I'm not sure it's just price. My take is that the TT is literally unique with an intrinsically small market. It's a luxury hot-hatch in a country that wants SUVs and crossovers. It compares most closely with it's sibling Golf R (but with more style and charisma). I can't imagine cross-shopping the TT with true sports cars like the Vette and Cayman (with little luggage room or rear seats of any kind).

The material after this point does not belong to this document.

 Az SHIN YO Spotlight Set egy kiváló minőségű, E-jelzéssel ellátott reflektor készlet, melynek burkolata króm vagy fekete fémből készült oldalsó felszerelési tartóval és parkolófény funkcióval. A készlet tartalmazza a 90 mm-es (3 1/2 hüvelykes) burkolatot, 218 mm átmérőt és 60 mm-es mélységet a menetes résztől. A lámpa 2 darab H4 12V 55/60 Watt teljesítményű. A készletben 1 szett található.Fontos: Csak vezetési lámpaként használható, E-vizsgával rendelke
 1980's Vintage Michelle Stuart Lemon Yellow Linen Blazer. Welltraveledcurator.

The BMW series 2 maybe, but there the trade-off is less storage and marginally better rear seating in a slightly larger (and IMHO less attractive) vehicle. 

OTOH what makes the TT unique is what makes it perfect for me - compact, comfortable, practical, sporty enough (with fairly extensive modifications available), with enough luggage space to make it a true daily driver and budget GT.

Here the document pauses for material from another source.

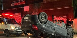 Acidente de trânsito: carro capota após colisão no centro de Manaus
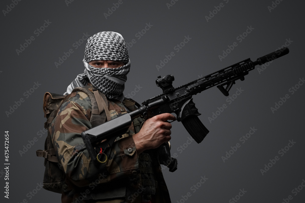 Militant from the Middle East, dressed in a white keffiyeh and camouflaged field attire, wielding an automatic rifle, set against a neutral gray backdrop

I still love my Mk 2, but I am tempted by the new TTS (I'd put on a Stage 1 tune and call it a day).


----------



## GaBoYnFla (Oct 2, 2005)

caj1 said:


> :sly: A base TT is $43,500


3 coupes on my local dealer's site and lowest one is $50,775.:sly::sly::sly:


----------



## anti suv (Sep 26, 2013)

You could order it the way you like it. Thats what i did and saved quite a bit of money. I bought a tt with upgraded seats and stereo with a 6% discount for $43k. Im not much of an 'options' person myeslf. Car company must make tons of money on options. People should play with the porsche configurator a little and watch a cayman s become an $75k-80k car really quick.

I do feel like the tt is overpriced a little though.


----------



## anti suv (Sep 26, 2013)

Vegas-RoadsTTer said:


> I can get a Car & Driver perennial 10 Best BMW 2 series nicely loaded for less than the TT, in part because BMW seems to give better discounts. Then there are the Porsche and Corvette with base price about $10K more.


I could see cross shopping the tt with the bmw 2 serries but not a corvette. Completely different customers. I think there is a lot less porsche and tt cross shopping then reviews suggest. Different buyers again and the porsche's are going to be a lot more expensive than people think.


----------



## caj1 (Feb 16, 1999)

GaBoYnFla said:


> 3 coupes on my local dealer's site and lowest one is $50,775.:sly::sly::sly:


Then they aren't "base" TTs, and clearly optioned up..you can buy a $43K TT if you want one.


----------



## kpiskin (Apr 6, 2007)

I think the price is where the problem is. When youre paying $50k, and youre still getting the lesser TT, when you can pay $5-10k less for a M235i or at TTS pricing get a lightly optioned Stungray or a fully loaded Mustang GT or Camaro SS, it puts the buyer in a quandary. You have to really want a TT. The other problem is for that kind of money people still get hung up on it "only" having a 4cyl instead of a 6 or 8 which is typically what you see in a performance model.

I would say the base TT should have gotten the TTS motor and the TTS should have gotten the 3.0t (I think it would fit) still leaving room for the TTRS 5cyl.


----------



## kpiskin (Apr 6, 2007)

Let's not forget too that most VAG enthusiasts know the TTS shares much of the drivetrain with the S3 and Golf R. The price difference there too probably makes a lot of buyers look at the other Audi/VW options. What you have to buy into is the small and somewhat light concept, the killer interior and cockpit.


----------



## Balthazar B (Jan 20, 2014)

kpiskin said:


> I would say the base TT should have gotten the TTS motor and the TTS should have gotten the 3.0t (I think it would fit) still leaving room for the TTRS 5cyl.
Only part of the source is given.